Don't forget IAM permissions for integrations

Enabling tracing on the gateway covers the gateway segment. To get a complete trace, the components behind it (such as Lambda functions) also need to send segments. For Lambda, enable active tracing on the function and attach the managed policy that allows it to write to X-Ray:

aws lambda update-function-configuration \
  --function-name my-api-backend \
  --tracing-config Mode=Active

aws iam attach-role-policy \
  --role-name my-lambda-execution-role \
  --policy-arn arn:aws:iam::aws:policy/AWSXRayDaemonWriteAccess

Tip: Tracing the gateway alone gives you a thin trace. The real payoff comes when the gateway, authorizer, and backend all report into the same trace ID. Enable active tracing across the whole request path so the X-Ray service map shows the full topology rather than a single disconnected node.

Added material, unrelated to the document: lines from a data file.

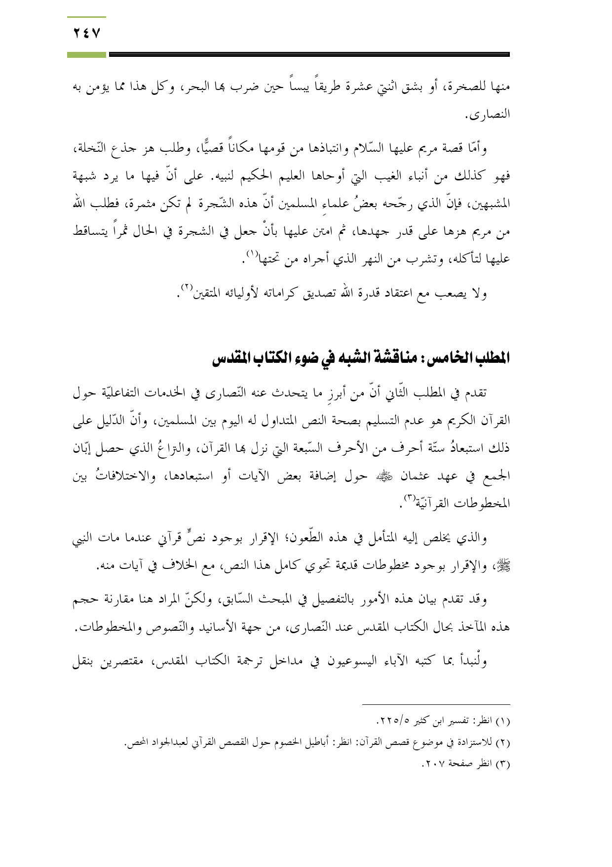 وأمّا قصة مريم عليها السّلام وانتباذها من قومها مكاناً قصيًّا، وطلب هز جذع النّخلة، فهو كذلك من أنباء الغيب التي أوحاها العليم الحكيم لنبيه. على أنّ فيها ما يرد شبهة المشبهين، فإنّ الذي رجّحه بعضُ علماءِ المسلمين أنّ هذه الشّجرة لم تكن مثمرة، فطلب الله من مريم هزها على قدر جهدها، ثم امتن عليها بأنْ جعل في الشجرة في الحال ثمراً يتساقط عليها لتأكله، وتشرب من النهر الذي أجراه من تحتها (¬1).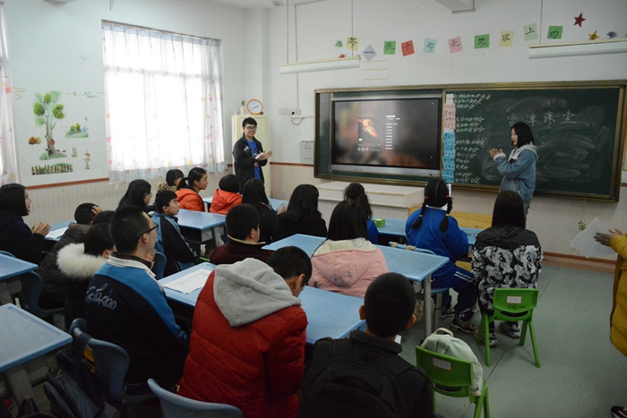 在门卫处登记过后,我们来到了会计学院青协已经“守护”了近三年的14班,这时离上课还有十分钟。孩子们和常来的干事周雨潇已经很熟悉了,一进门就缠着她要听歌,她对这一切驾轻就熟,应对自如。
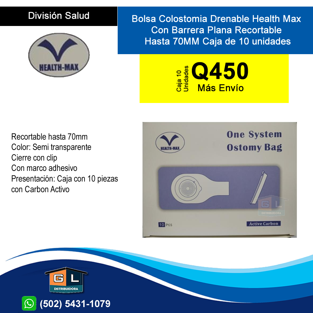 Bolsa Colostomia Drenable Health Max Con Barrera Plana Recortable Hasta 70MM Caja de 10 piezas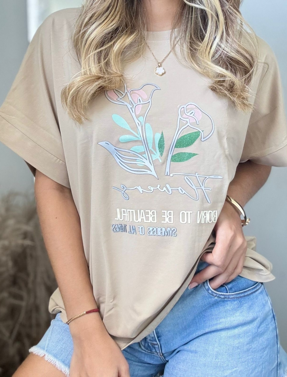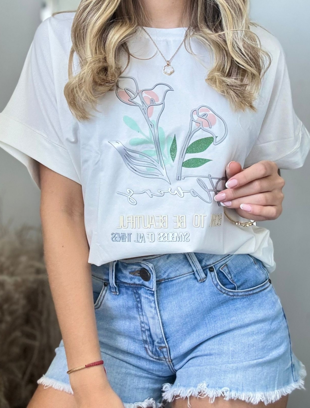 CAMISETA CUELLO REDONDO FLOWERS RELIEVE PLATEADO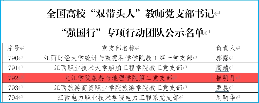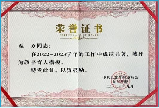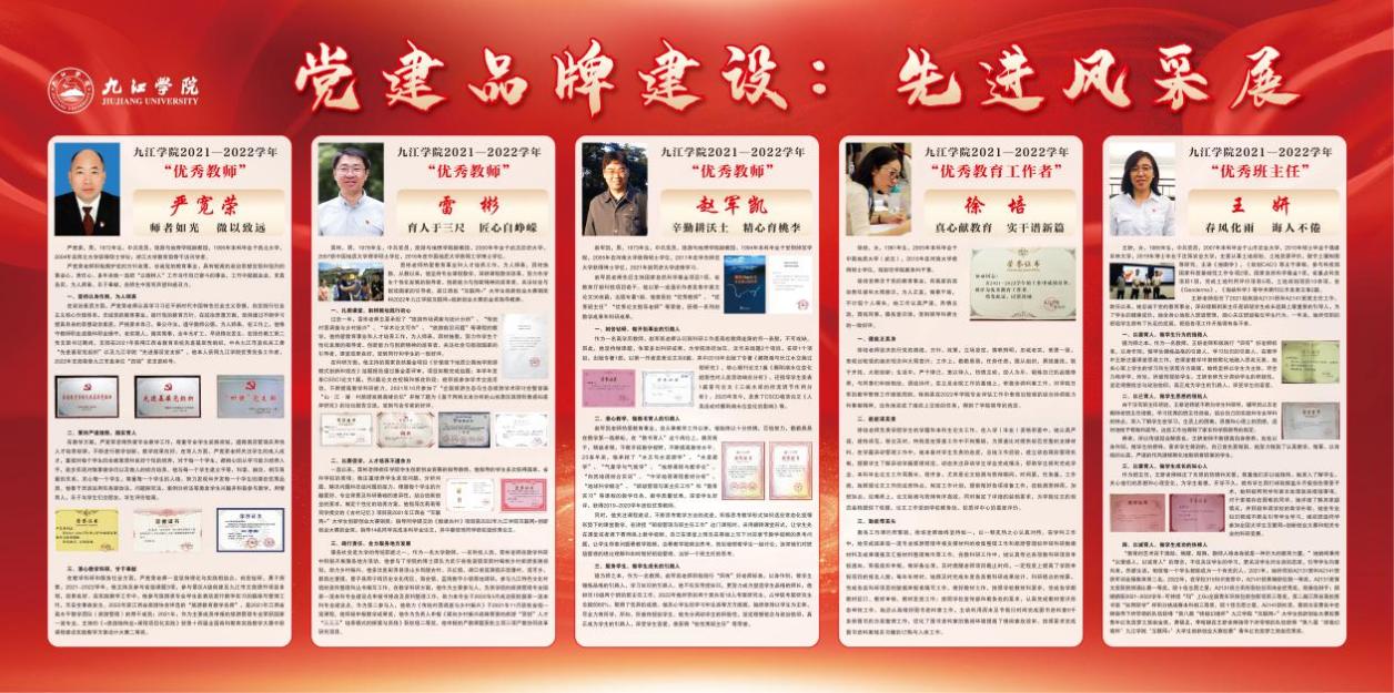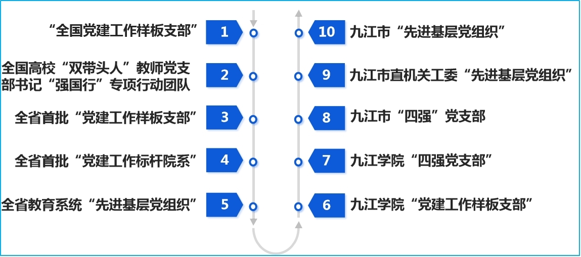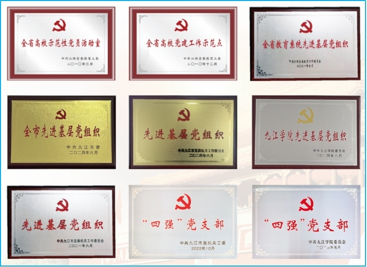 教工第二党支部2021年荣获全省教育系统“先进基层党组织”和九江市直机关工委“先进基层党组织”称号;2022年荣获九江市直单位“四强”党支部称号、56.nt必赢官网“四强”党支部称号;2023年获批江西省首批“全省党建工作样板支部”;2024年获批第四批“全国党建工作样板支部”培育创建单位、全国高校“双带头人”教师党支部书记“强国行”专项行动团队、56.nt必赢官网“先进基层党组织”称号。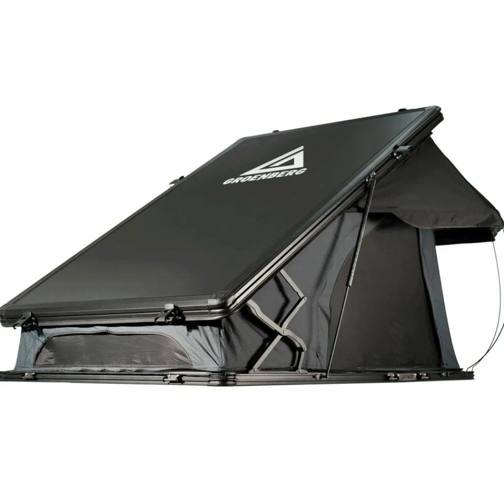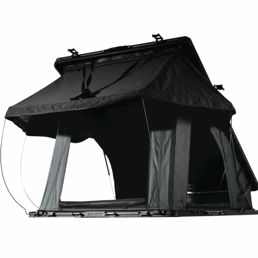 Die aerodynamische Aluminium-Hartschale mit nur 12 cm Höhe im geschlossenen Zustand reduziert den Luftwiderstand und spart Kraftstoff bei längeren Fahrten. Mit dem halbautomatischen öffnungsmechanismus lässt sich das Zelt mithilfe von Gasdruckfedern in Sekundenschnelle auf- und abbauen – auch alleine. Die großzügige Liegefläche mit Memory Foam Matratze, leichter Deckenerhöhung und belüftender 3D Airmesh Matte sorgt für erholsamen Schlaf. Fenster mit Insektenschutz ermöglichen gute Belüftung und Ausblick, während die LED-Beleuchtung mit USB-Anschluss Licht ins Zelt bringt.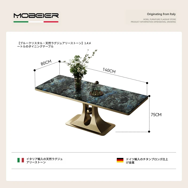 【ブルークリスタル・天然ラグジュアリーストーン】1.4メートルダイニングテーブル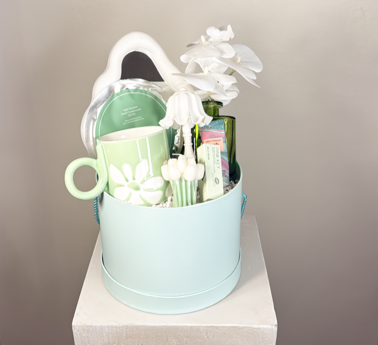 مرايا .ماسك للوجه .فازه اوركيد صناعي .كوب مع شاي استرخاء .شمعه معطره .ابجوره مضيئه تعمل بالبطارية .مرطب وملمع للشفاه .كريم لليد .شعار اكرليك حسب المناسبة .كيس وكرت اهداء خاص بالمناسبه .تصل لاحبابكم مغلفه بالنور المعطر .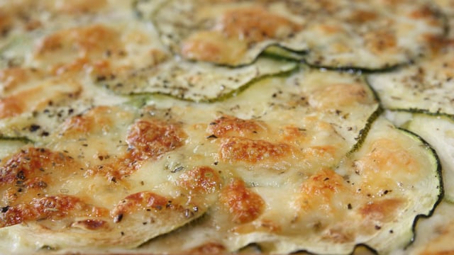 Une tarte aux fines rondelles de courgettes recouvertes de petits morceaux de comté, de mozzarella et d'herbes de Provence.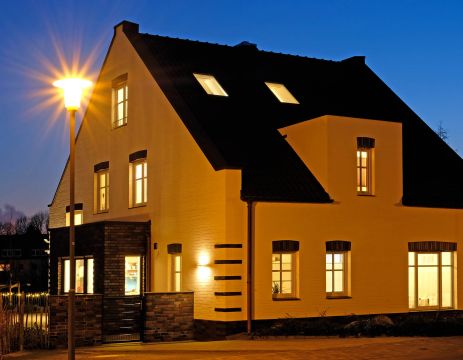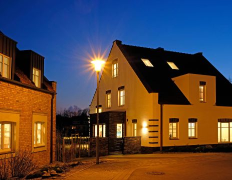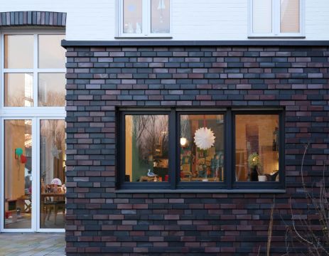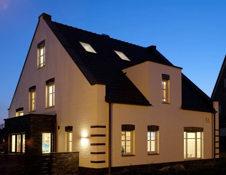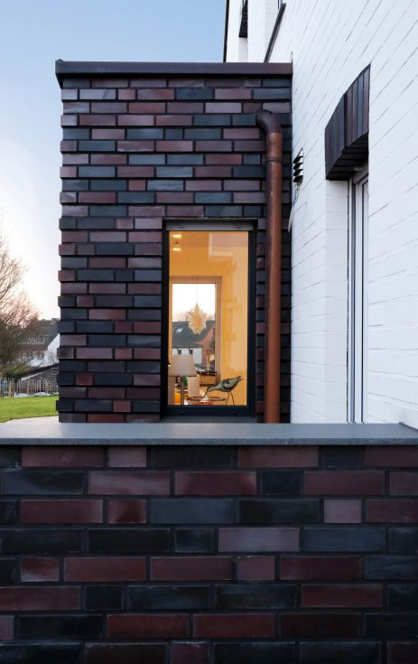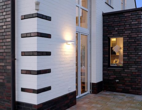 Der komplette Baukörper wurde verklinkert und anschliessend zum grössten Teil weiss geschlämmt. Im Zusammenspiel mit einem Ziegelsockel Fensterlaibungen und sorgfältigen Ziegeldetails entsteht eine klassisch-traditionelle Ausstrahlung.

How to prevent it from happening again

Flipping the setting once is easy. Keeping it on across every new stage and every new API is the harder part. Bake it into your delivery pipeline so a stage without tracing never reaches production.

Policy-as-code with Terraform

If you use Sentinel or OPA/Conftest, write a rule that rejects any aws_api_gateway_stage with tracing disabled. A Conftest Rego policy looks like this:

package main

deny[msg] {
  resource := input.resource_changes[_]
  resource.type == "aws_api_gateway_stage"
  resource.change.after.xray_tracing_enabled == false
  msg := sprintf("API Gateway stage '%s' must have X-Ray tracing enabled", [resource.address])
}

Run it against your plan output in CI:

terraform plan -out tfplan
terraform show -json tfplan > tfplan.json
conftest test tfplan.json

Service Control Policies and AWS Config

For organization-wide enforcement, use an AWS Config managed or custom rule to continuously evaluate stages and mark non-compliant ones. Pair it with an automatic remediation action that calls the same update-stage patch operation shown earlier, so drift gets corrected without human intervention.

Wire the Lensix check into your gates

Keep apigw_tracing running on a schedule and treat new findings as a signal that a stage shipped without tracing. Catching it in a scan a few minutes after deploy is good. Catching it in the plan stage before deploy is better.

Tip: Set tracing as a default in a shared Terraform module rather than per stage. If every team consumes a module that hardcodes xray_tracing_enabled = true, the secure setting becomes the path of least resistance and no one has to remember it.

Best practices

  • Trace the whole path, not just the gateway. Enable active tracing on Lambda functions, authorizers, and supported backends so traces connect end to end.
  • Use sampling rules deliberately. Trace everything in low-traffic environments where the cost is negligible, and apply sampling in high-volume production stages to control spend while keeping representative coverage.
  • Add annotations and metadata. In your application code, annotate traces with values like customer ID or route name so you can filter the service map and group traces meaningfully.
  • Combine tracing with access logging. X-Ray tells you where time went; access logs tell you who called and what they got back. Enable both on production stages for a complete picture.
  • Standardize across environments. Keep tracing on in staging too. The bugs you find with tracing in pre-production are the incidents you avoid in production.
  • Review the X-Ray service map regularly. Do not wait for an outage. Periodic review surfaces creeping latency and rising error rates before they become incidents.

X-Ray tracing on an API Gateway stage is a small toggle with outsized payoff. It costs almost nothing to enable, it does not change how your API behaves, and the first time you use it to pinpoint a slow downstream call in 30 seconds rather than 30 minutes, it pays for itself.